■ **Exercise objective**
The output must match the entries below exactly, with pictures removed.

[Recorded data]

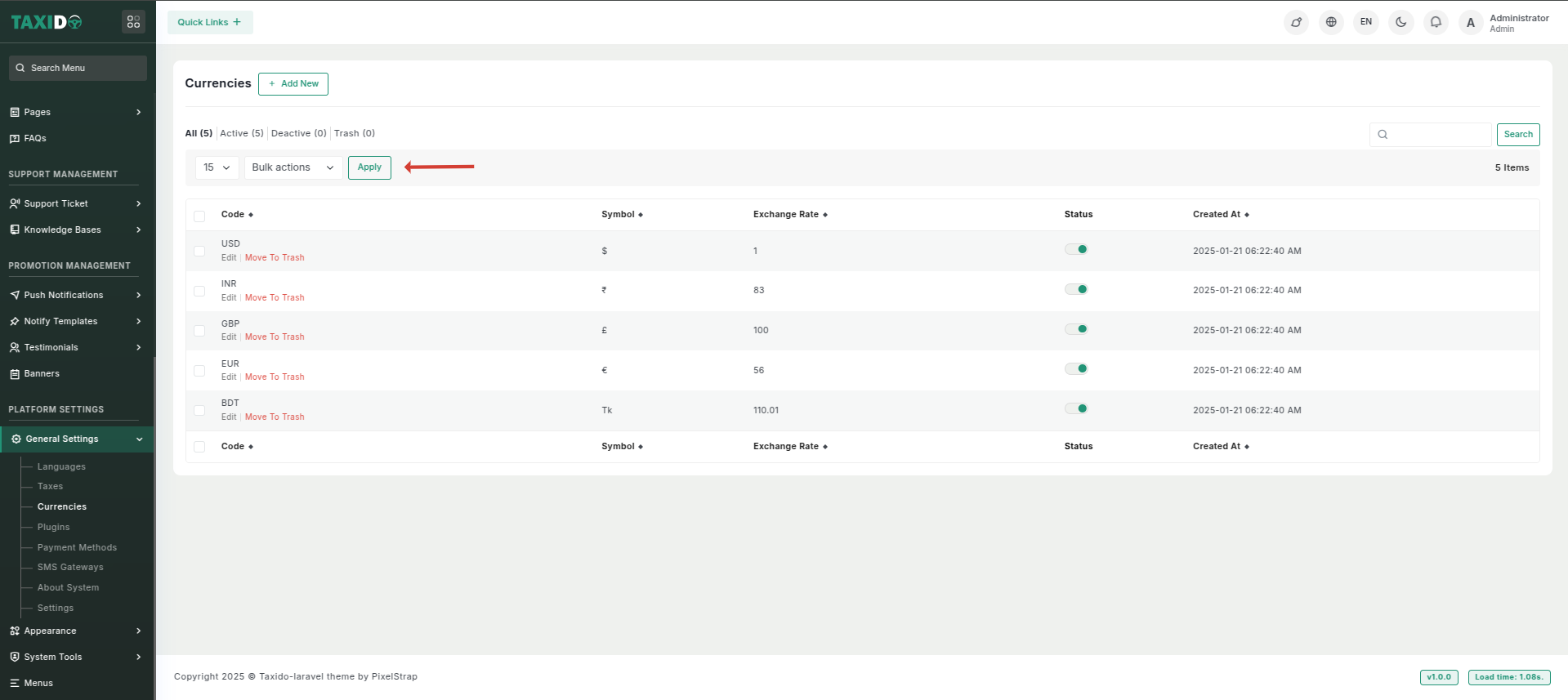 - Status: Activate or deactivate specific currencies. Deactivated currencies will not appear as options in the system.
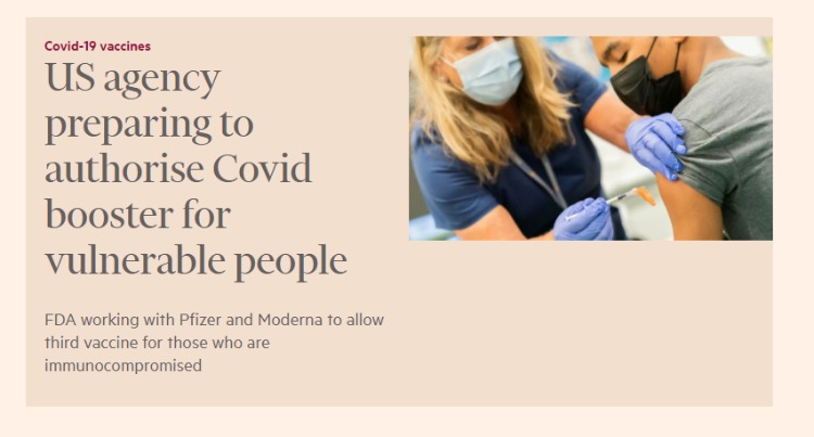 美国卫生部官员正准备批准为免疫力低下的成人注射第三剂新冠mRNA疫苗。
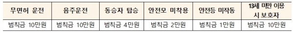 이번 개정에서 가장 크게 변경된 점은 새롭게 개정된 도로교통법을 위반할 경우 최대 10만 원의 범칙금이 부과된다는 점이다.
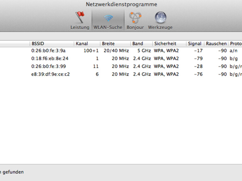 Die darauf folgende Willkommens-Botschaft kann getrost ignoriert werden. Öffnen Sie einfach über Ablage die Netzwerkdienstprogramme oder rufen Sie diese mit cmd+n (⌘N) auf. In der WLAN-Suche werden anschließend sämtliche WLAN-Netze in der Umgebung samt verschiedener Parameter gelistet. Dabei gilt es vor allem, auf die in negativen Werten dargestellten Angaben Signal und Rauschen zu achten. Je kleiner die Zahl, desto schwächer ist die Störung (Rauschen), aber auch das Signal. Der Signal-Wert sollte also möglichst hoch (-10 ist besser als -80) und der Rauschwert möglichst niedrig (-80 ist besser als -10) sein.
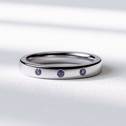Simple 2.5mm wide wedding band with 3 flush set lab grown Alexandrites on a narrow flat wedding ring. A perfect band to stack next to many engagement ring designs.
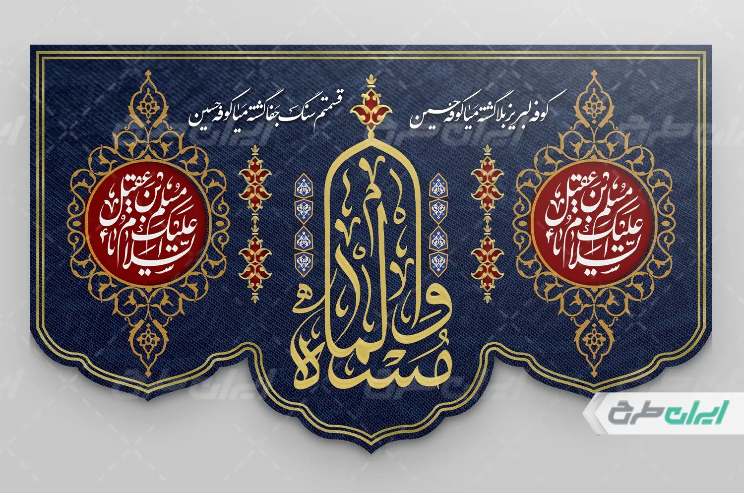 تذهیب و متن تسلیت شهادت مسلم بن عقیل می باشد که توسط طراحان ایران طرح در نرم افزار فتوشاپ طراحی شده است.
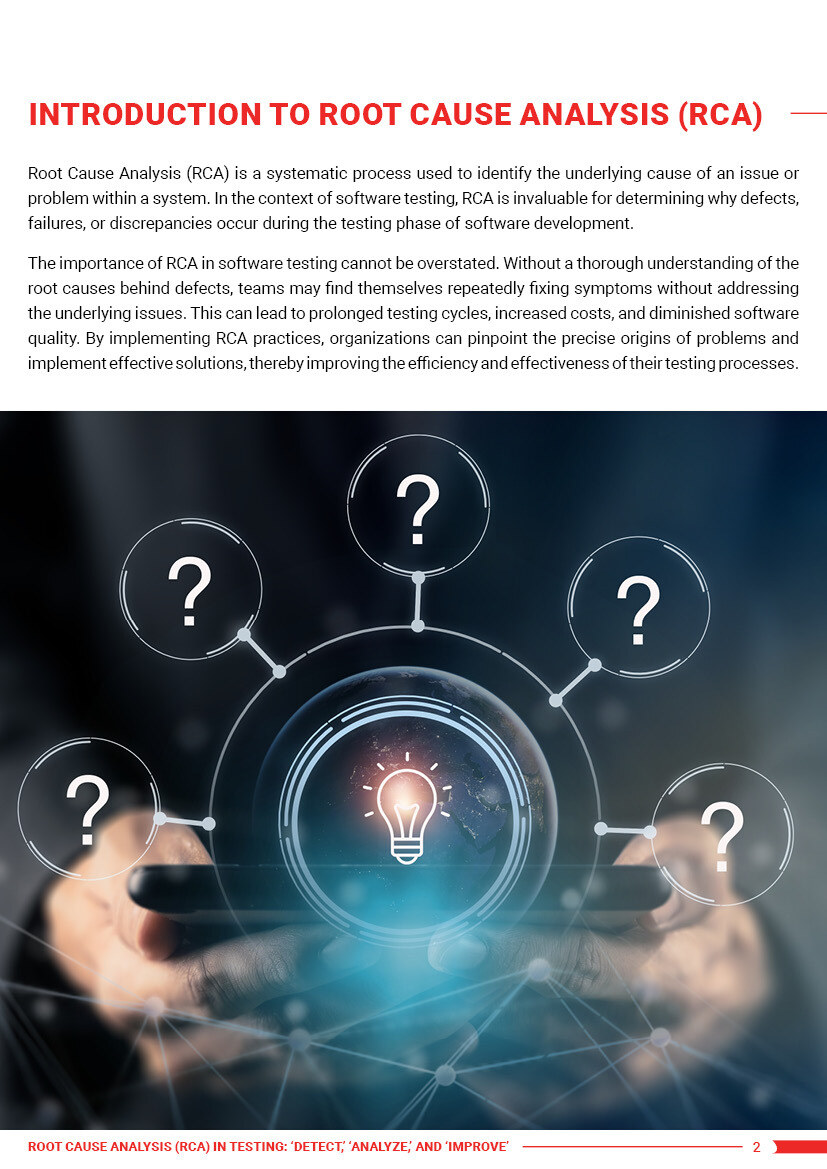 In our ebook “Root Cause Analysis (RCA) in Testing: ‘Detect,’ ‘Analyze,’ and ‘Improve” we’ll explain how to identify anomalies, investigate root causes, and implement effective solutions to streamline your testing processes.
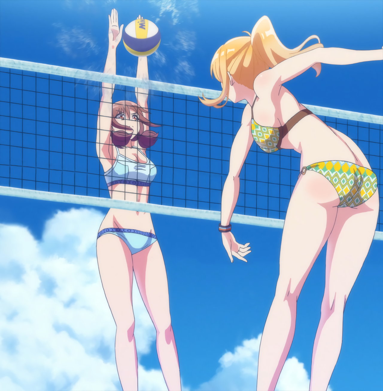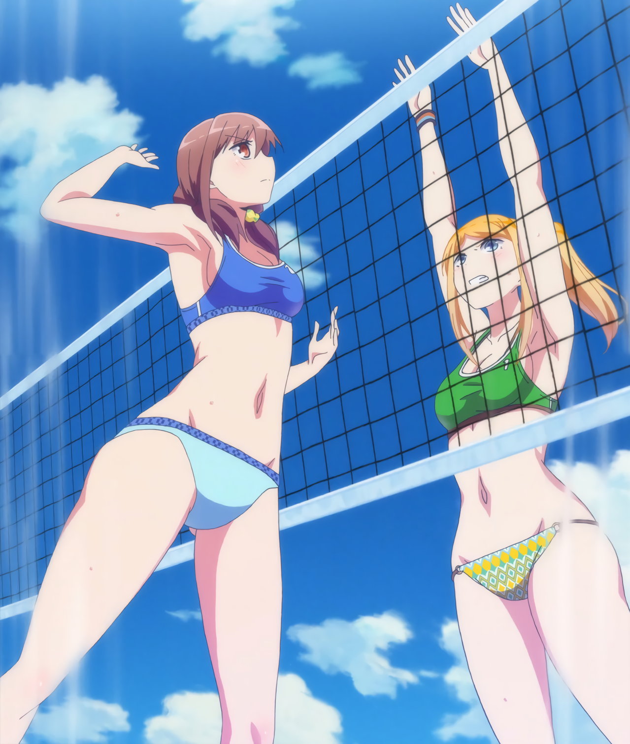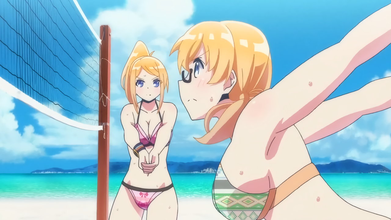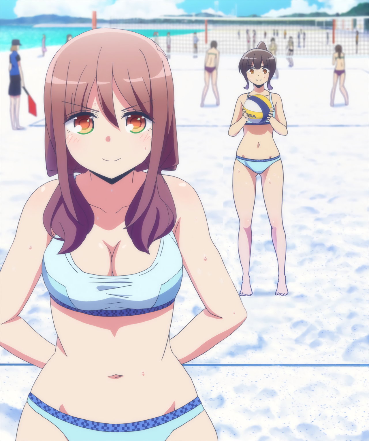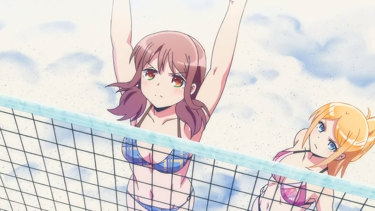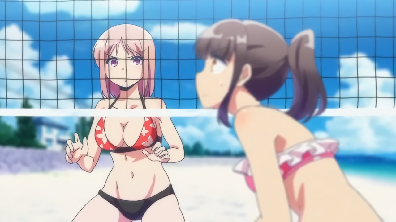 ビーチバレー中・水着姿のかなたとあかり。
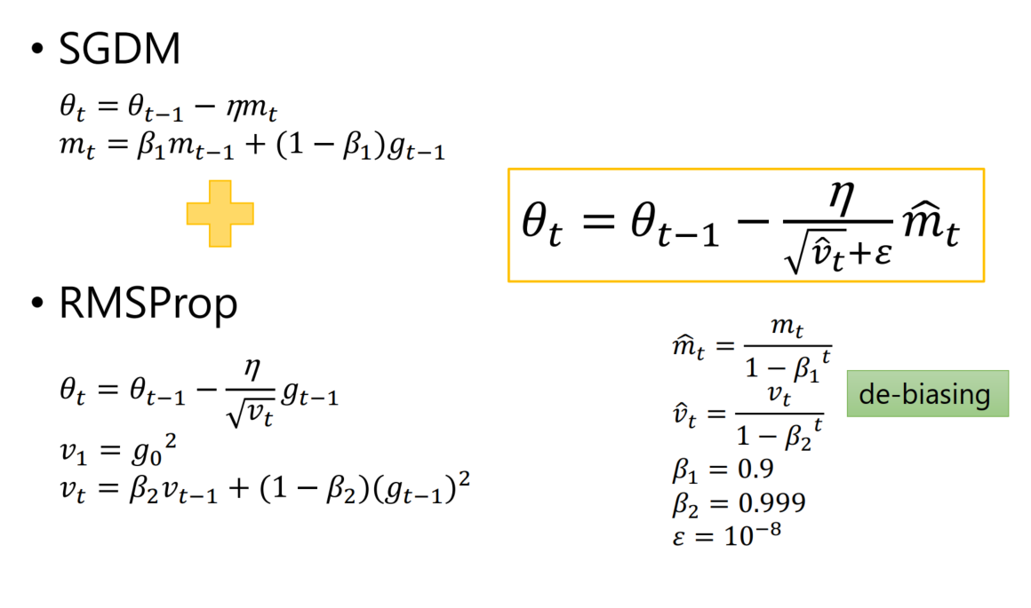 \theta_{t}=\theta_{t-1}-\frac{\eta}{\sqrt{\hat{v}_{t}}+\varepsilon} \hat{m}_{t}
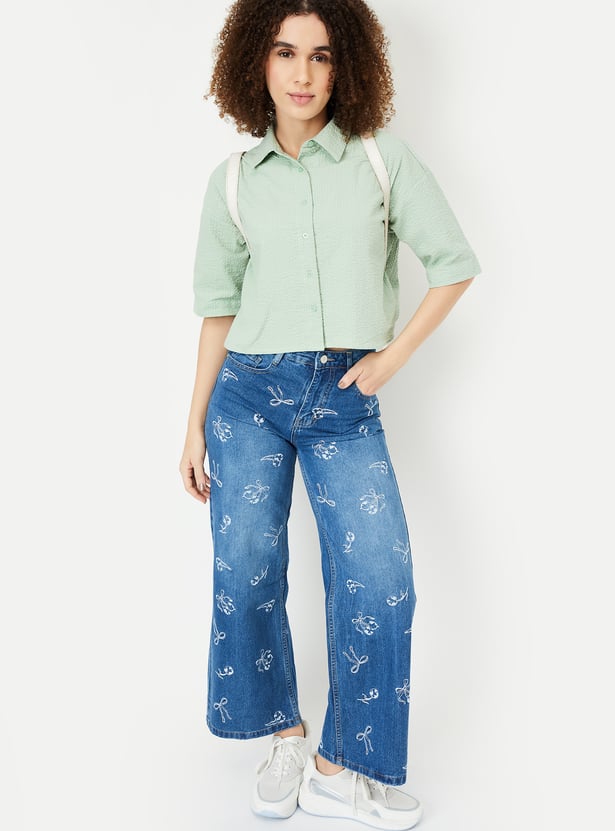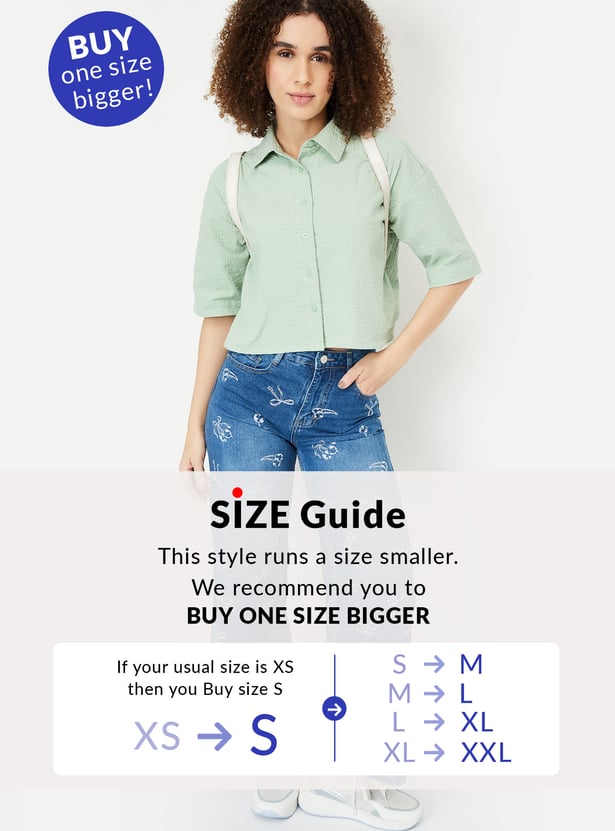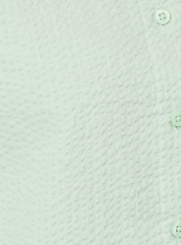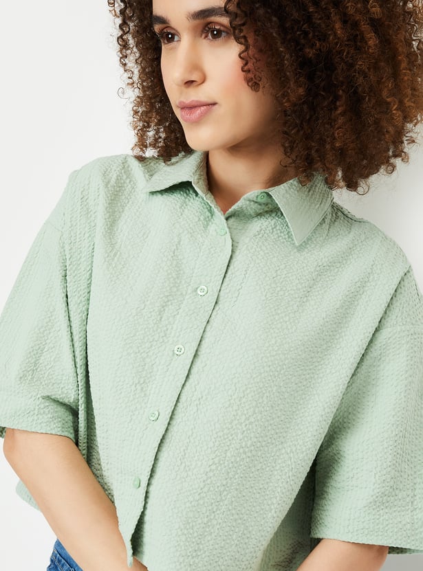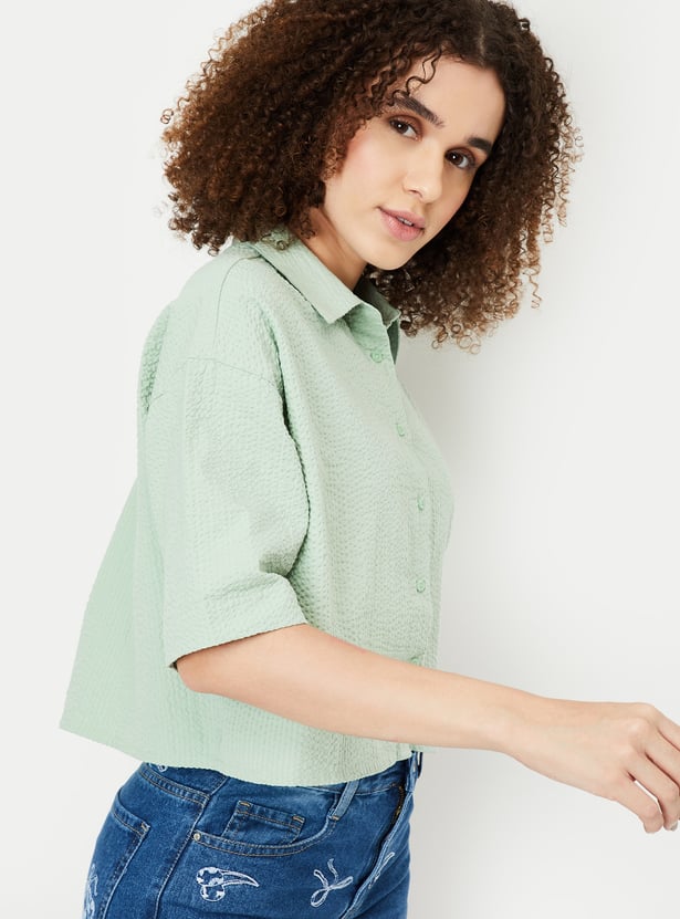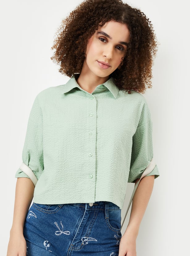 Elevate your wardrobe with this seersucker cropped shirt, designed with a spread collar and half sleeves for a touch of elegance. The lightweight seersucker fabric and trendy cropped silhouette make it a perfect choice for casual outings or warm-weather styling.
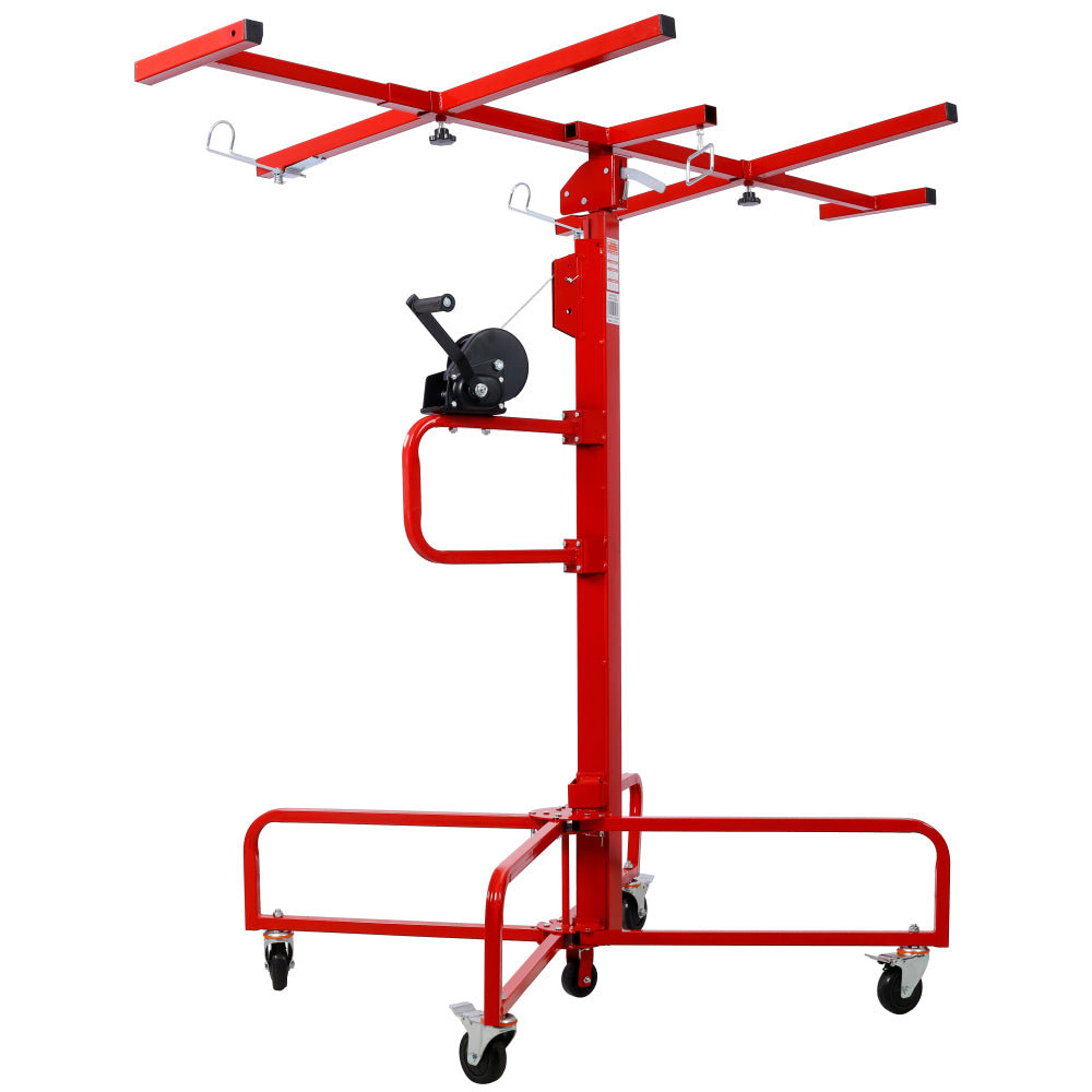 Drywall Lift Panel 16' Lift Drywall Panel Hoist Jack Lifter Jack Rolling Caster Wheel Sheetrock Drywall Lift Construction Tools,150-lb. Capacity, 4ft. x 16ft. Max. Sheet Size ,red
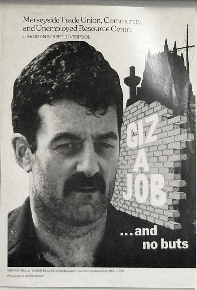Scope and ContentPoster with a photograph of Bernard Hill as 'Yosser' Hughes' in Alan Bleasdale's Boys from the Black stuff and the text: Giz a job ... and no buts

■ **Task solution**
 - Status: Activate or deactivate specific currencies. Deactivated currencies will not appear as options in the system.
 美国卫生部官员正准备批准为免疫力低下的成人注射第三剂新冠mRNA疫苗。
 이번 개정에서 가장 크게 변경된 점은 새롭게 개정된 도로교통법을 위반할 경우 최대 10만 원의 범칙금이 부과된다는 점이다.
 Die darauf folgende Willkommens-Botschaft kann getrost ignoriert werden. Öffnen Sie einfach über Ablage die Netzwerkdienstprogramme oder rufen Sie diese mit cmd+n (⌘N) auf. In der WLAN-Suche werden anschließend sämtliche WLAN-Netze in der Umgebung samt verschiedener Parameter gelistet. Dabei gilt es vor allem, auf die in negativen Werten dargestellten Angaben Signal und Rauschen zu achten. Je kleiner die Zahl, desto schwächer ist die Störung (Rauschen), aber auch das Signal. Der Signal-Wert sollte also möglichst hoch (-10 ist besser als -80) und der Rauschwert möglichst niedrig (-80 ist besser als -10) sein.
Simple 2.5mm wide wedding band with 3 flush set lab grown Alexandrites on a narrow flat wedding ring. A perfect band to stack next to many engagement ring designs.
 تذهیب و متن تسلیت شهادت مسلم بن عقیل می باشد که توسط طراحان ایران طرح در نرم افزار فتوشاپ طراحی شده است.
 In our ebook “Root Cause Analysis (RCA) in Testing: ‘Detect,’ ‘Analyze,’ and ‘Improve” we’ll explain how to identify anomalies, investigate root causes, and implement effective solutions to streamline your testing processes.
 ビーチバレー中・水着姿のかなたとあかり。
 \theta_{t}=\theta_{t-1}-\frac{\eta}{\sqrt{\hat{v}_{t}}+\varepsilon} \hat{m}_{t}
 Elevate your wardrobe with this seersucker cropped shirt, designed with a spread collar and half sleeves for a touch of elegance. The lightweight seersucker fabric and trendy cropped silhouette make it a perfect choice for casual outings or warm-weather styling.
 Drywall Lift Panel 16' Lift Drywall Panel Hoist Jack Lifter Jack Rolling Caster Wheel Sheetrock Drywall Lift Construction Tools,150-lb. Capacity, 4ft. x 16ft. Max. Sheet Size ,red
Scope and ContentPoster with a photograph of Bernard Hill as 'Yosser' Hughes' in Alan Bleasdale's Boys from the Black stuff and the text: Giz a job ... and no buts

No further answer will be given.